Manufacturers, chem makers protest US air rule

20 January 2006 19:31  [Source: ICIS news]

WASHINGTON (ICIS news)--US chemical producers and other manufacturers appealed to the Environmental Protection Agency (EPA) on Friday to withdraw or delay a proposed air quality standard that industry fears would cripple expansion and growth.


Earlier this week, EPA proposed more stringent standards for fine particle pollution control. The rule change would amend the 1997 National Ambient Air Quality Standard (NAAQS) for particulate matter measuring 2.5 micrometers or less; the rule is known as the PM 2.5 regulation.


The National Association of Manufacturers (NAM) cautioned that the proposed standard “would impose significant burdens on US manufacturers facing fierce international competition.”


The National Petrochemical & Refiners Association (NPRA) also opposes the particulate proposal.
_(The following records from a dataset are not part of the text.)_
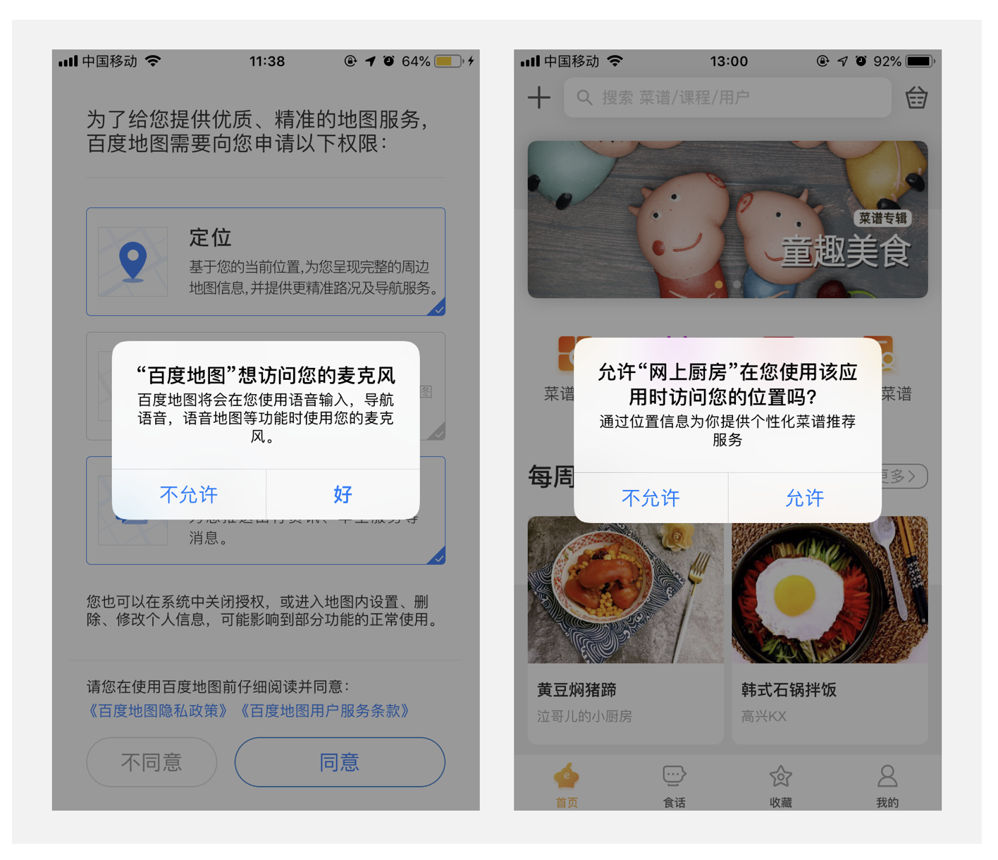 - 系統(tǒng)功能的授權(quán):如 “百度地圖” 申請訪問麥克風、“網(wǎng)上廚房” 申請訪問位置的彈窗,這類屬于系統(tǒng)自帶的授權(quán)彈窗,在許多 APP 中都較為常見。
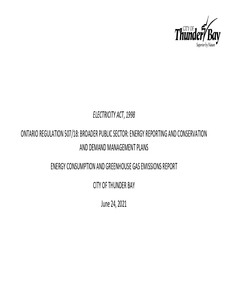 ELECTRICITY ACT, 1998 ONTARIO REGULATION 507/18: BROADER PUBLIC SECTOR: ENERGY REPORTING AND CONSERVATION AND DEMAND MANAGEMENT PLANS ENERGY CONSUMPTION AND GREENHOUSE GAS EMISSIONS REPORT CITY OF
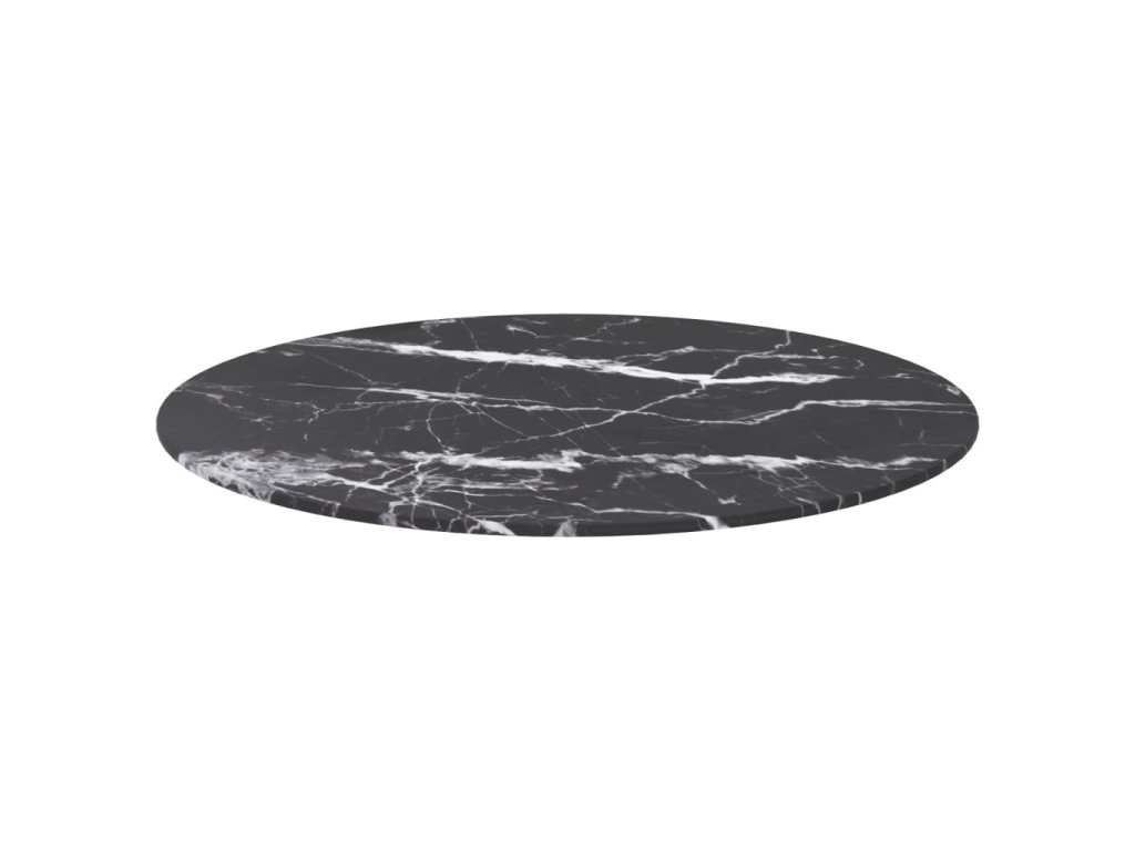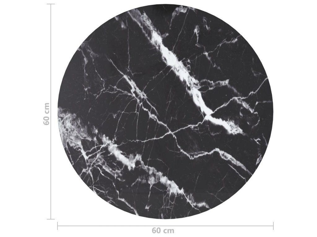 Stolní deska černá Ø 60 x 0,8 cm tvrzené sklo mramorový design
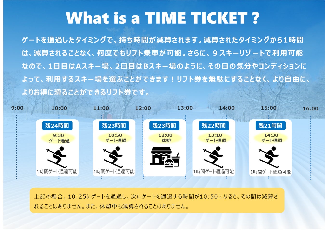 1時間単位で、リフト・ゴンドラにご乗車できるNSDグループ・パートナーリゾートにおける新サービスです。今回は25時間券と15時間券の2種類をご用意。ご利用方法としては、最初のゲート通過から1時間が経過した後に、ゲートを通過するまでを1時間と換算し、持ち時間が1時間減算されるという仕組みです。そのため、減算されるタイミングまで何度でもリフト乗車が可能となります。1時間を経過しても、滑走中や休憩中でゲートを通過することがなければ減算されることもありません。さらに、9スノーリゾートで利用可能なため、1日目はAスキー場、2日目はBスキー場のように、その日の気分やコンディションによって、利用するスキー場を選ぶことができます。リフト券を無駄なく、より自由に、よりお得に滑ることができるリフト券です。
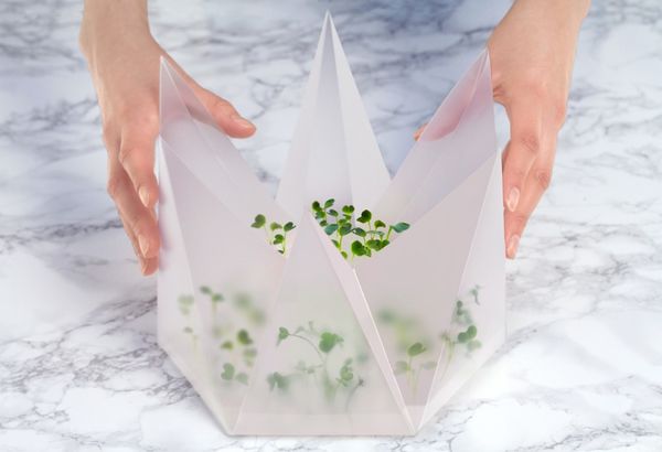 Дизайнер из Берлина и вовсе предлагает обойтись без почвы, воды и удобрений, а выращивать эко-зелень с помощью нейтрального желе из водорослей - агар-агар.

NPRA president Bob Slaughter told ICIS news that if implemented, the rule would require “extraordinary measures by manufacturers to comply and would impose unreasonable controls on production facilities.”


Slaughter said that if the new PM 2.5 rule is made final, “it will be difficult for us in either industry - refining or petrochemicals - to expand or even maintain our industrial plants.”


NAM president John Engler said: “The proposal is not grounded in sound science, and changing the standard now would create investment and business uncertainty.”